I'll always remember your birthday because it's around the same time as something more important than your birthday
First let me apologize. I know I've been missing for a week, and I don't have an outstanding reason, except that my monitor decided to go rogue and become the matrix. It's now covered in flickering lines, spots and other vision-obstructing paraphernalia. The good news is that my life-(and blog-)saving friend brought me a monitor to hook up to my laptop at home. The not-so-good news is that the coming week is filled with birthday celebrations, so I may be missing a little more.

My sister's birthday is Thursday, and my birthday is today. Thweep! (That's my noisemaker.) I love birthdays. I was up at 5:30 a.m, and out on the road by 6:30, two sisters in tow (they're on holiday; I'm just idle), all three of us wearing party hats and accepting kind wishes from strangers. There were a few nasty don't-these-three-idiots-have-anything-better-to-do looks as well. We just blew our noisemakers at those people: Thweep!, beyotch. We're having a party.

So yes, I love birthdays as an occasion to celebrate life, learning and love. My mother started that tradition among her three girls growing up: we treat the birthday person well, acknowledge that on that day it's not so much about us and a bit more about her, and we use it as a time to take stock of life, thank the universe (she would say god, and would grimace long-sufferingly at me for saying 'universe') for what we have, and purpose to be better people in the next year of life.

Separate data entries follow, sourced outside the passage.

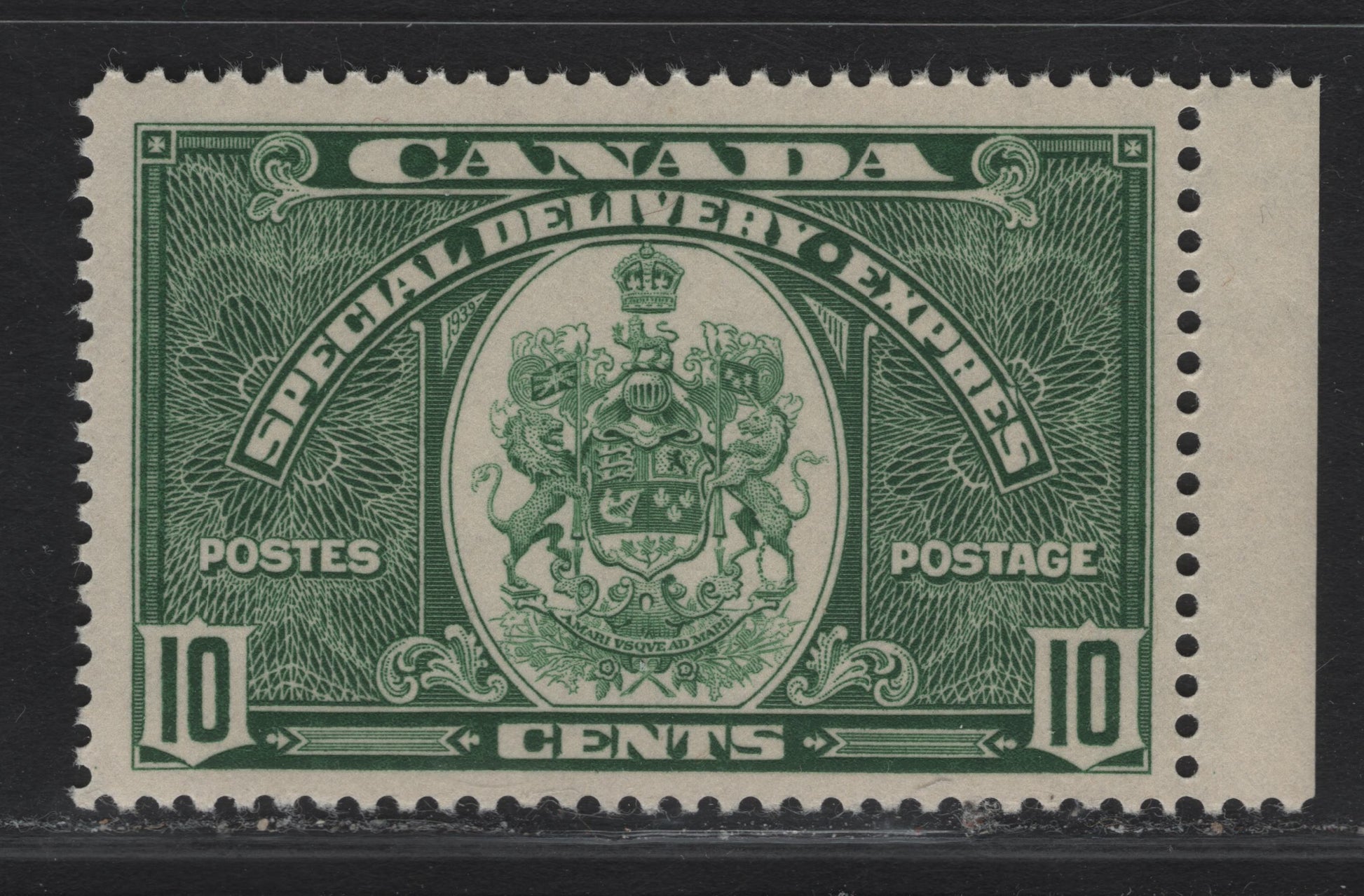 Lot 341 Canada #E7 10c Deep Green Emblem, 1939 Special Delivery Issue, A FOG Single, Paper/Gum CBN-KK, Perf 11.9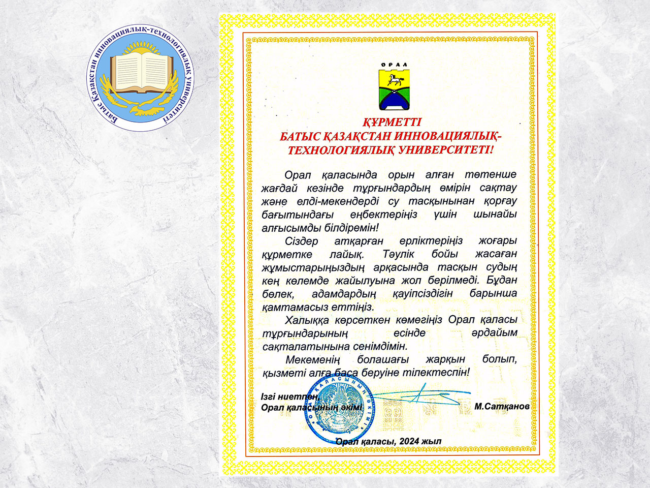 Өткен аптада Батыс Қазақстан инновациялық-технологиялық университеті Орал қаласының әкімі М.М. Саткановтан “Университеттің халықтың өмірін сақтап қалуға және Орал қаласындағы төтенше жағдай кезінде елді мекендерді су тасқынынан қорғауға сіңірген еңбегі үшін”алғыс білдірді.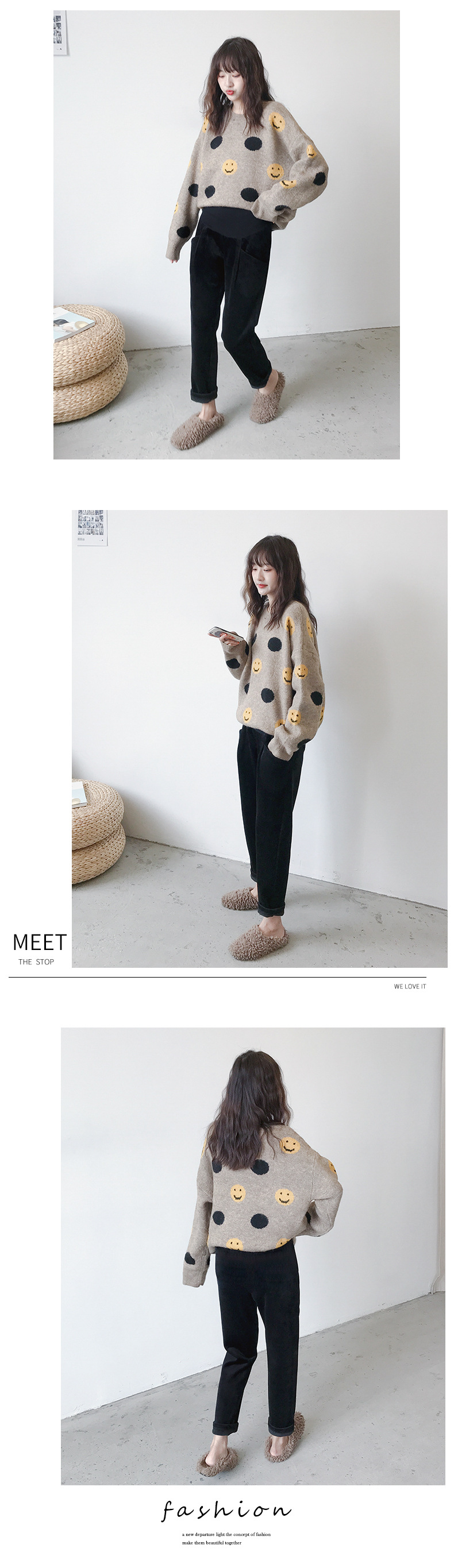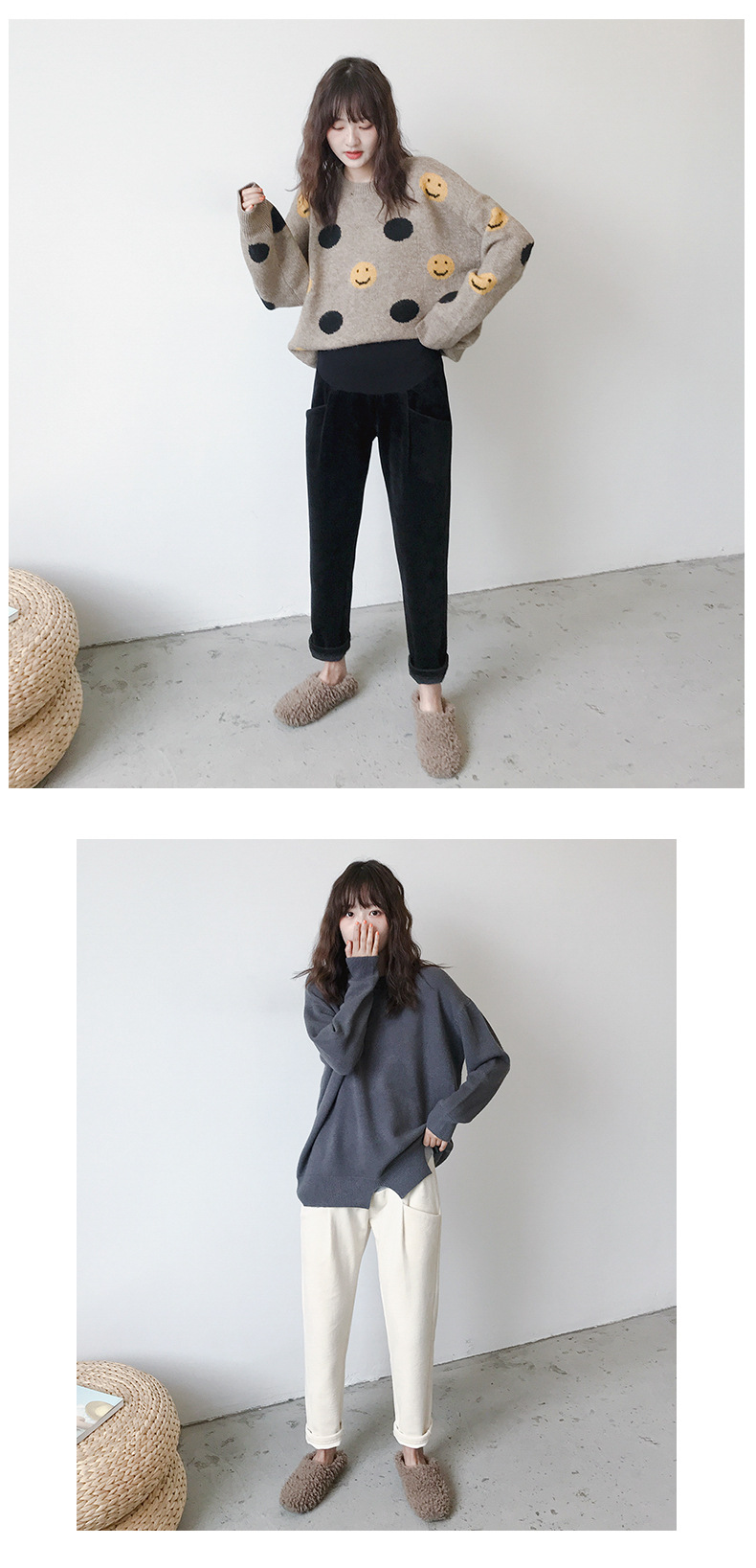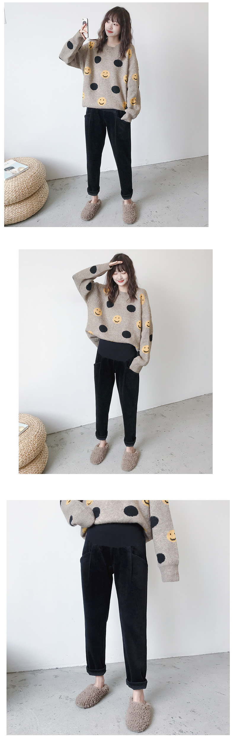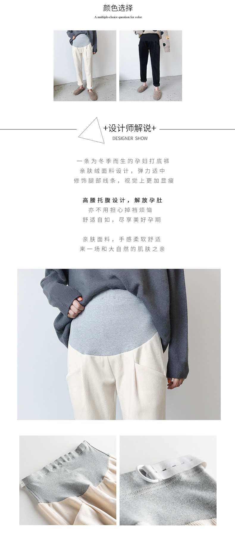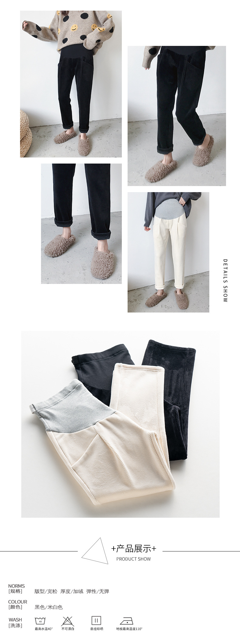 条纹灯芯绒面料孕妇直筒裤托腹裤,冬季韩版加绒加厚百搭显瘦工装裤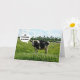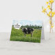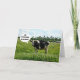 Schwarz-Weiß-Kuh stehend auf der Weide, mit einem kleinen humorvollen Sprichwort: "Ich bin hervorragend in meinem Feld!"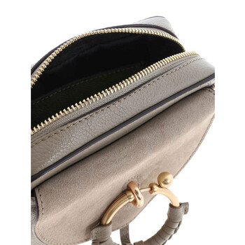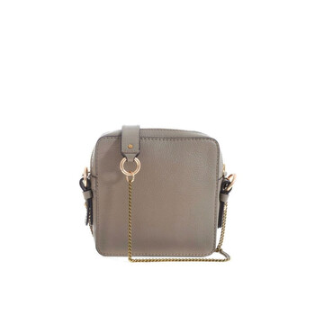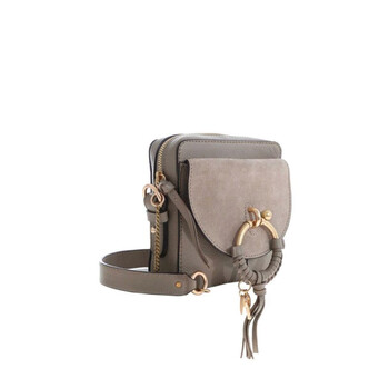 See By Chloe Ladies Shoulder Bag. SKU: CHS19SS99433023W. Color: Grey. Size: W 5.7" x H 5.7" x D 1.6". The Joan camera handbag, crafted from grained and suede cowhide, features a refined chain strap, a zipper top closure, gold brass finish, a main compartment, a cross-body chain-and-leather strap with a metal chain detail on the front, a flat pocket with a flap secured by an oversized round hook, and an interior card slot, with a strap length of 22.8 inches.

I'm getting old, y'all. Sometimes I'm in the middle of a story, and I'll hear myself saying something like: "that was ten years ago, in Venezuela, under the old presidente", and I feel like an old seafarer back from a lengthy voyage. It's great. I feel learned - with two syllables, and I also now call teenaged boys 'son', for which my friends laugh and point at me, and deservedly so because really, that's not necessary.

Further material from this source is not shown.